### WORK INSTRUCTION
From the first line to the last, transcribe the data exactly and skip the pictures.

====== RECORD SET

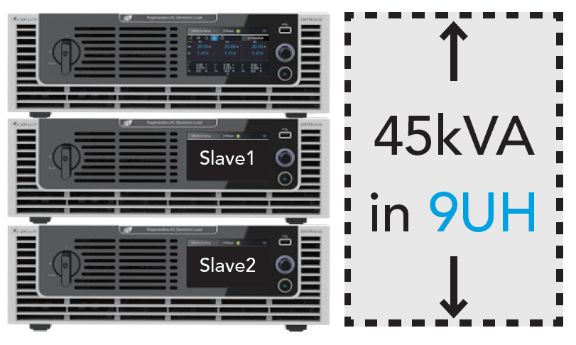 Chroma 63800R系列能源回收式交流電子負載具備主從機(Master-Slave)并聯功能,能以總并聯臺數最多三臺來滿足更高的拉載功率需求。用戶可藉由連接三臺同功率63800R系列產品,以一臺主機加二臺從機的并聯架構,實現9U硬體高度內含總拉載功率45kVA的高功率密度配置。
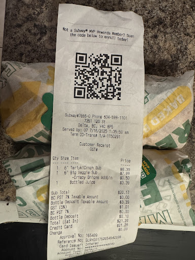 To make things worse, I was charged $21 CAD for two 6-inch subs and a drink, which is completely overpriced. What’s more confusing is that the prices in-store were much higher than what the app shows. I don’t understand the inconsistency—there should be transparency and alignment between the app and in-store pricing.
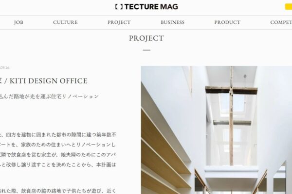 先日、建築・インテリアのWEBメディア「TECTURE MAG」に、KITIのプロジェクト「楓灯(ふうとう)の家」を掲載していただきました。 楓灯の家は、四方を建物に囲まれた古い木造アパートを、家主が…
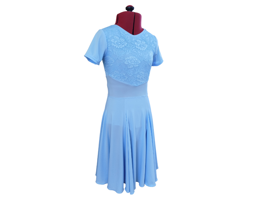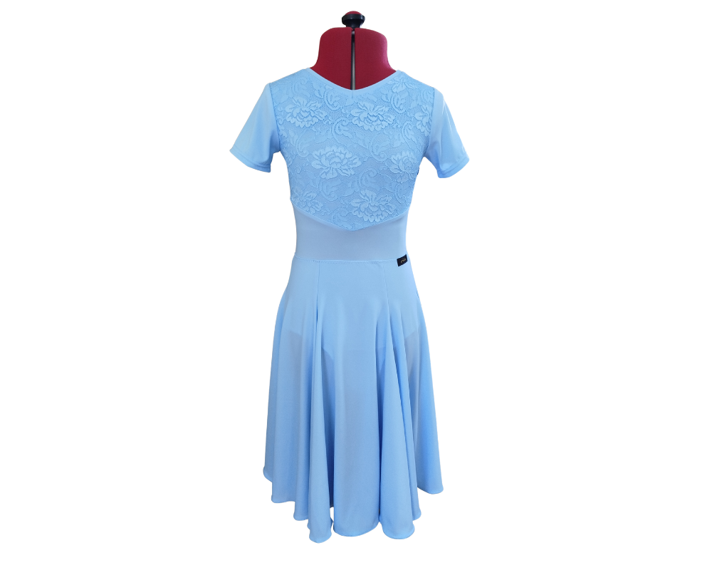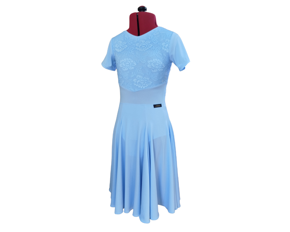 Lara dancesport dress with short sleeves, made from premium lycra and with lace in front and back. The one piece dress has a lycra panelled skirt, according to Romanian Dancesport Federation dress regulations.
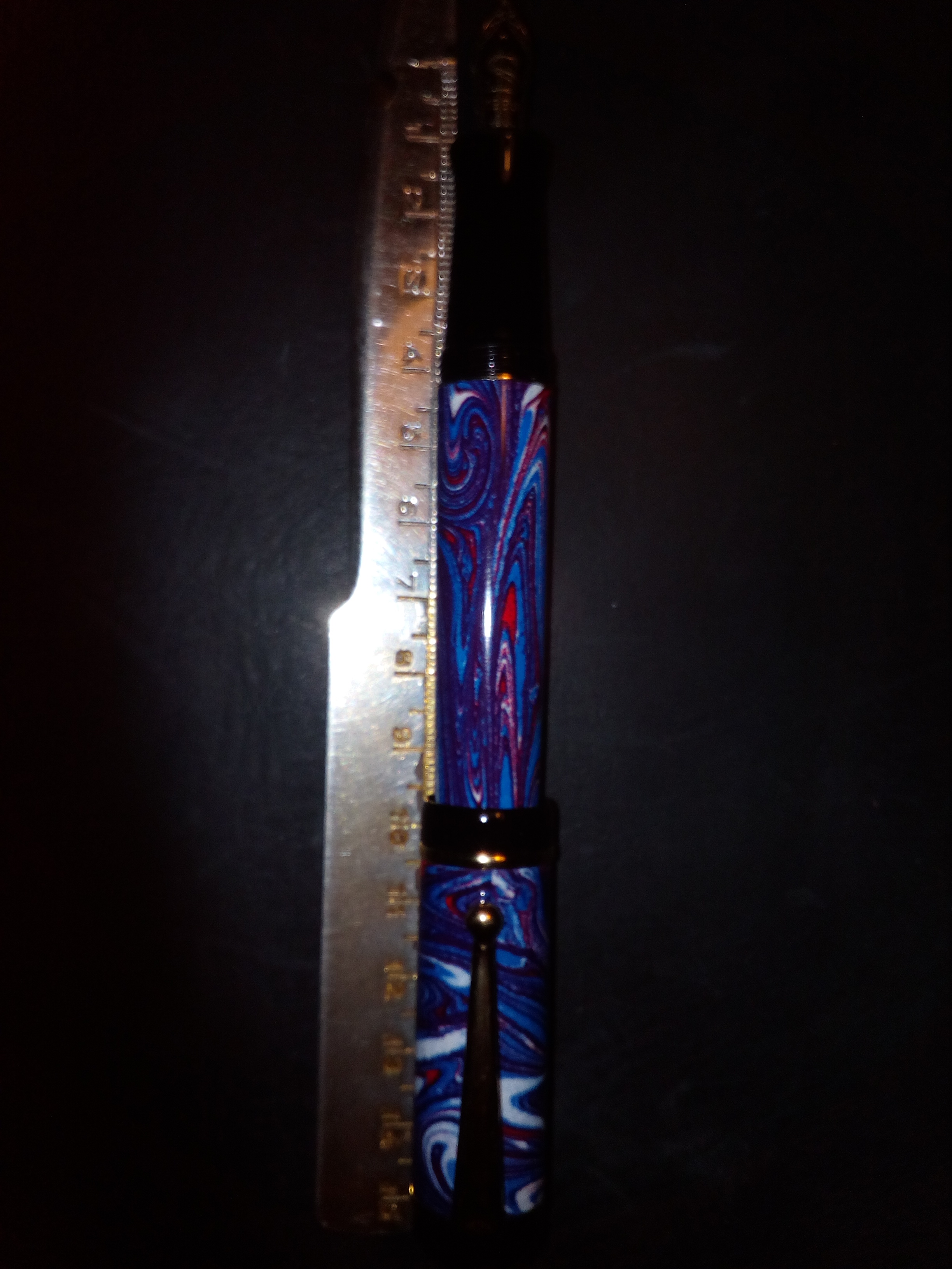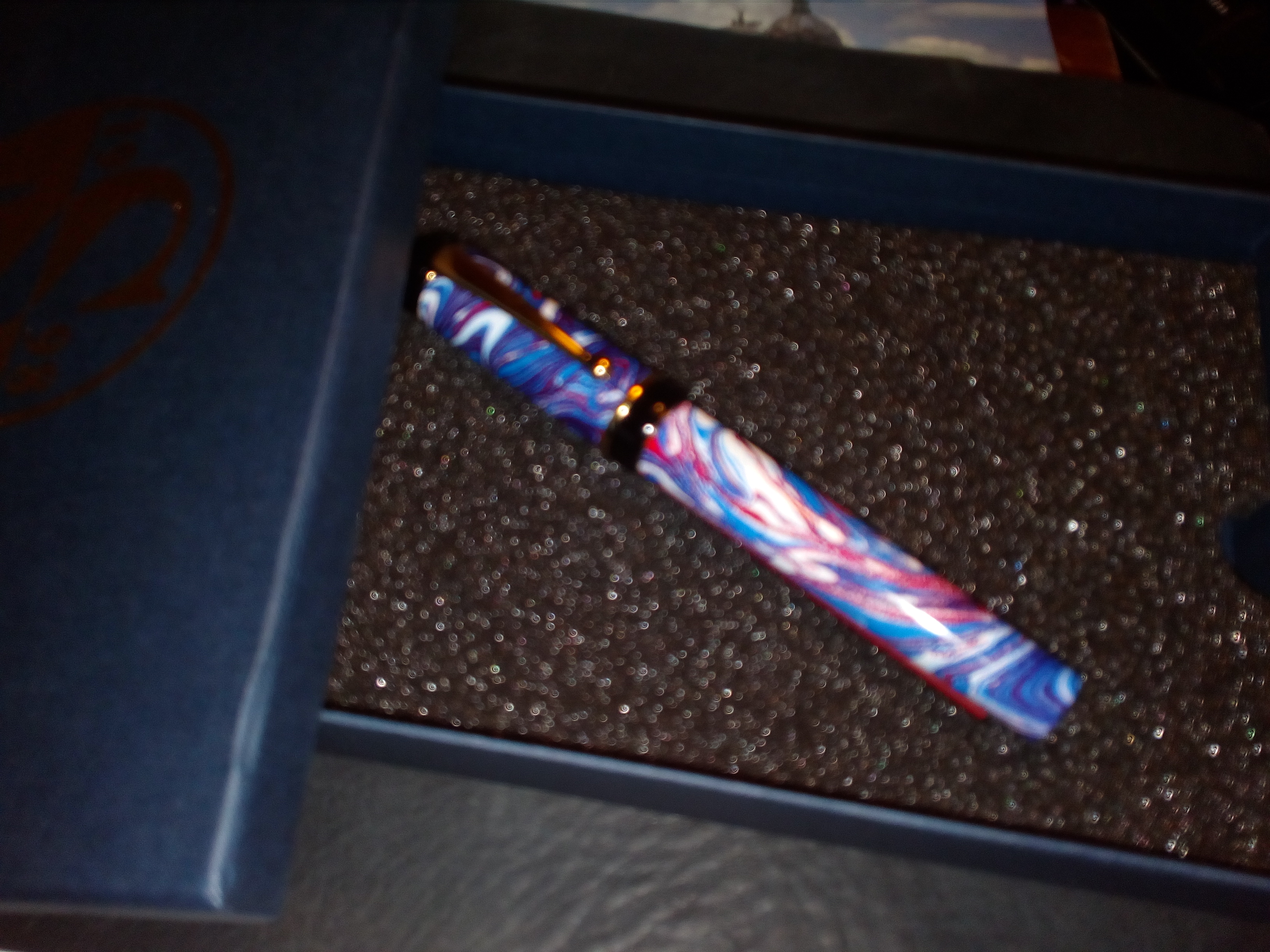 Il disegno è stampato, ma non cede in brillantezza con il tempo (lo dimostra la penna precedente dopo un anno d’uso e di esposizione). Unica (piccola) delusione: i colori del fusto e del cappuccio me li aspettavo, secondo la foto vista sul sito, più pastosi, più resinosi, e invece dal vivo sono più freddi (si vede l’origine digitale del disegno).
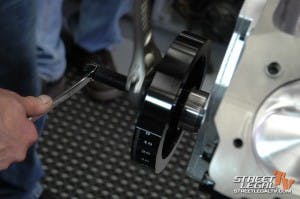 On a related note, the clear white timing marks on the Professional Products PowerForce Plus harmonic damper made it easy to set the timing. In addition to the regular timing hash marks, engraved lines every 90 degrees aid tasks like setting valve lash, and the damper is SFI 18.1-rated for safety at the drag strip.
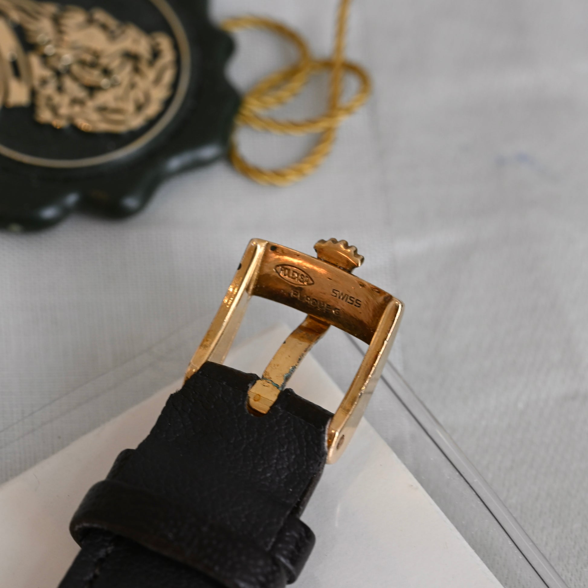 The Rolex Cellini from 1982 embodies understated elegance with its warm champagne dial and sleek two-hand display. Its fluted bezel in 18k yellow gold adds subtle texture, while the slim case profile ensure timeless sophistication for any occasion.

============

### ANSWER SECTION
 Chroma 63800R系列能源回收式交流電子負載具備主從機(Master-Slave)并聯功能,能以總并聯臺數最多三臺來滿足更高的拉載功率需求。用戶可藉由連接三臺同功率63800R系列產品,以一臺主機加二臺從機的并聯架構,實現9U硬體高度內含總拉載功率45kVA的高功率密度配置。
 To make things worse, I was charged $21 CAD for two 6-inch subs and a drink, which is completely overpriced. What’s more confusing is that the prices in-store were much higher than what the app shows. I don’t understand the inconsistency—there should be transparency and alignment between the app and in-store pricing.
 先日、建築・インテリアのWEBメディア「TECTURE MAG」に、KITIのプロジェクト「楓灯(ふうとう)の家」を掲載していただきました。 楓灯の家は、四方を建物に囲まれた古い木造アパートを、家主が…
 Lara dancesport dress with short sleeves, made from premium lycra and with lace in front and back. The one piece dress has a lycra panelled skirt, according to Romanian Dancesport Federation dress regulations.
 Il disegno è stampato, ma non cede in brillantezza con il tempo (lo dimostra la penna precedente dopo un anno d’uso e di esposizione). Unica (piccola) delusione: i colori del fusto e del cappuccio me li aspettavo, secondo la foto vista sul sito, più pastosi, più resinosi, e invece dal vivo sono più freddi (si vede l’origine digitale del disegno).
 On a related note, the clear white timing marks on the Professional Products PowerForce Plus harmonic damper made it easy to set the timing. In addition to the regular timing hash marks, engraved lines every 90 degrees aid tasks like setting valve lash, and the damper is SFI 18.1-rated for safety at the drag strip.
 The Rolex Cellini from 1982 embodies understated elegance with its warm champagne dial and sleek two-hand display. Its fluted bezel in 18k yellow gold adds subtle texture, while the slim case profile ensure timeless sophistication for any occasion.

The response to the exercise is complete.